> _ENTRIES PROVIDED_:
-*-

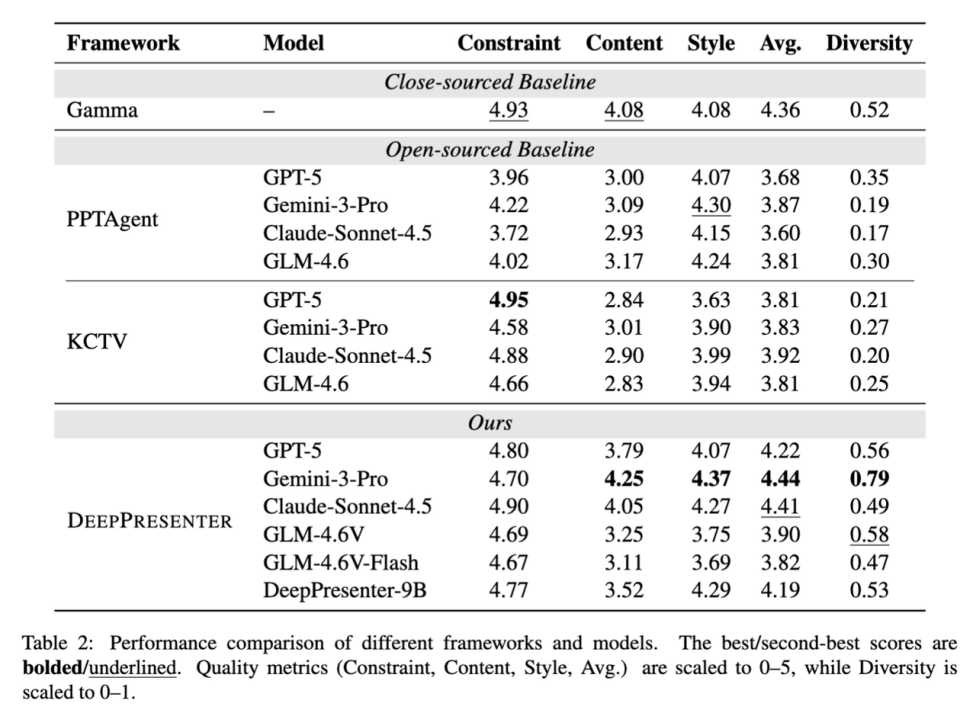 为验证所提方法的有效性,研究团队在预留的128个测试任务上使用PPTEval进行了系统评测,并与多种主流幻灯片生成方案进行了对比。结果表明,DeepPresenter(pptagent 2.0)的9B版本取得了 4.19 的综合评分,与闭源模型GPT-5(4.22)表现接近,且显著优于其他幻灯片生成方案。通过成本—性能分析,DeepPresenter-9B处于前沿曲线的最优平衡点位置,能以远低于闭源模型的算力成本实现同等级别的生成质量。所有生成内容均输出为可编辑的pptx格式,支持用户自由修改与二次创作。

-*-

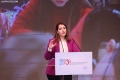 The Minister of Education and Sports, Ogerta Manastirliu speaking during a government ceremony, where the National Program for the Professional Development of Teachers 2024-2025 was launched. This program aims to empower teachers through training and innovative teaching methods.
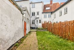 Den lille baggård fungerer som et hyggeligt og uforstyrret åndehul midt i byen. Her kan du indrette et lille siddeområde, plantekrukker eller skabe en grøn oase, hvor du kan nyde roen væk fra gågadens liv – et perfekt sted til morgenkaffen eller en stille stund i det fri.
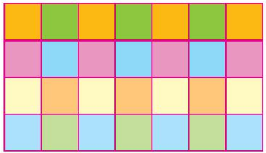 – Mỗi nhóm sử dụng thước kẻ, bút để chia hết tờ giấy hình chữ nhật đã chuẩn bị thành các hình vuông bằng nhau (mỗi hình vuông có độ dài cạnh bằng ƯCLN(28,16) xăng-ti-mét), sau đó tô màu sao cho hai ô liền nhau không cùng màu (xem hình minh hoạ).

-*-

Every line above in the stretch from the one with "The Minister of" through the one with "hình minh hoạ)." is to be transcribed exactly, ends included. No picture is copied.

 The Minister of Education and Sports, Ogerta Manastirliu speaking during a government ceremony, where the National Program for the Professional Development of Teachers 2024-2025 was launched. This program aims to empower teachers through training and innovative teaching methods.
 Den lille baggård fungerer som et hyggeligt og uforstyrret åndehul midt i byen. Her kan du indrette et lille siddeområde, plantekrukker eller skabe en grøn oase, hvor du kan nyde roen væk fra gågadens liv – et perfekt sted til morgenkaffen eller en stille stund i det fri.
 – Mỗi nhóm sử dụng thước kẻ, bút để chia hết tờ giấy hình chữ nhật đã chuẩn bị thành các hình vuông bằng nhau (mỗi hình vuông có độ dài cạnh bằng ƯCLN(28,16) xăng-ti-mét), sau đó tô màu sao cho hai ô liền nhau không cùng màu (xem hình minh hoạ).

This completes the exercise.